How DHS wants to build on its ‘defining moment’ for cyber

If the Wannacry cyber attack that impacted hundreds of thousands of computers worldwide earlier this year was a defining moment for the progress the federal government has made in defending its networks over the last few years, then the Homeland Security Department wants to do even better next time.

Jeanette Manfra, the assistant secretary for the office of cybersecurity and communications in the National Protection and Programs Directorate (NPPD), said the goal now is to be more proactive in detecting, sharing and stopping potential malware threats.

“I want to lean-in a little bit more in terms of deepening our partnerships with industry so we become more collaborative, able to potentially identify things earlier, share information quicker and act collaboratively between industry and government to reduce the impact or ideally prevent something from happening,” Manfra said in an interview with Federal News Radio.

Manfra said DHS has a couple of different sharing programs, including the Automated Information Sharing program, but they need to mature to be less reactive to what’s happening.

Advertisement

She said DHS cyber analysts need to engage with industry analysts more often and more collaboratively to identify areas where they can take joint action against a potential or real threat.

“Where can we work closer with Internet Service Providers and where can we work closer with managed service providers to identify things they may be able to see before it gets to one of their customers, like an electric utility,” Manfra said. “We are looking for opportunities to have more innovative collaboration with the private sector, with state and local governments and with other federal agencies, putting more capability from DHS out into in particular the federal agencies.”

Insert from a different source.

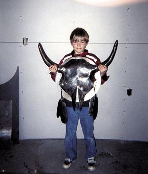 I started with a real skull in my shop and built the replica to scale, making the curved horns out of pipe. Then I framed the skull and covered it with sheet metal to make it three dimensional. A shield and four metal feathers gives the skull a life-like resemblance to the real thing. These pieces of art can be used inside or outside, and can be painted or left to corrode in a natural rustic state which seems to bring out an age-old sense of mystery and intrigued. (Joe Fitzgerald Saskatoon, Canada)

Agencies came away pretty much unscathed by the Wannacry cyber attack that impacted more than 300,000 computers in 300 countries.

The White House yesterday blamed North Korea for Wannacry cyber attack.

Tom Bossert, the White House’s homeland security adviser, said the administration took a lot of time to look through classified and sensitive information to determine North Korea conducted the attack.

“We relied on technical links to previously identified North Korean cyber tools, tradecraft and operational infrastructure. We had to examine a lot and we had to put it together in a way that allowed us to make a confident attribution,” Bossert said in a press briefing with reporters on Tuesday. “As we move forward and attribution becomes part of our accountability pillar, we can’t do it wrong; we can’t get it wrong, and we can’t try to rush it. I think ultimately at this point if we had gotten it wrong, it would have been more damaging to our reputation and our national security then it would have been a boon for us to have done it quicker.”

The fact that the government faced few problems from that attack is part of the ongoing progress agencies have made over the last two years.

Manfra said the improved tools under the EINSTEIN program and the implementation of the continuous diagnostics and mitigation (CDM) program are two of the more public improvement that protected agencies.

Going forward, Manfra said the administration’s IT modernization strategy and DHS’s recent binding operational directives will help continue to push agencies forward.

“One of the pieces of the President’s executive order was looking at the enterprise risk of federal systems. We’ve, over the years, have gained a lot of insights into departments and agencies and how they think about risk and allocate their resources,” she said. “So what I want is to take that understanding and combine that with our authorities to issue BODs, and focus on how do we best use that directive authority to target common challenges that agencies might have. How do we move the priorities of some key issues up the stack that they may not see from an individual perspective, but we are seeing from an enterprise perspective?”

Manfra said DHS and other lead agencies continue to work on enterprise risk report required under the EO.

“The information that we learned from that is something that we already are using to help agencies through their prioritization processes and thinking about where they are and where they want to go, how they are using the [NIST] framework, if they are, and if not, how can they better use it. And using that to get to that enterprise picture and I think that’s where DHS fits best,” she said.

One example of this is the directive to improve agency email security using the Domain-based Message Authentication, Reporting & Conformance (DMARC) protocol and the STARTTLS protocol, which signals to a sending mail server that the capability to encrypt an email in transit is present. The latest data from the CIO Council shows about 40 percent of all agencies have implemented the DMARC and STARTTLS protocols.

Manfra said DMARC also is a good example of how DHS can encourage public and private sector entities to do the basic of cybersecurity to better protect themselves.

At the same time, DHS also is looking for innovations that can automate processes and enable analysts to look at data in different ways.

“We see some gaps between what an entity might consider adequate security for themselves or their sector, and what’s in the public interest,” she said. “The American people depend on critical services and functions such as electricity, a stable financial system, dependable communications, all things that enable our modern way of life. Many of these are run by the private sector. To ensure adequate security in the private sector, DHS plans to move beyond only offering voluntary assistance to more proactively in becoming the world leader in cyber risk analysis and intervening directly with companies when necessary.”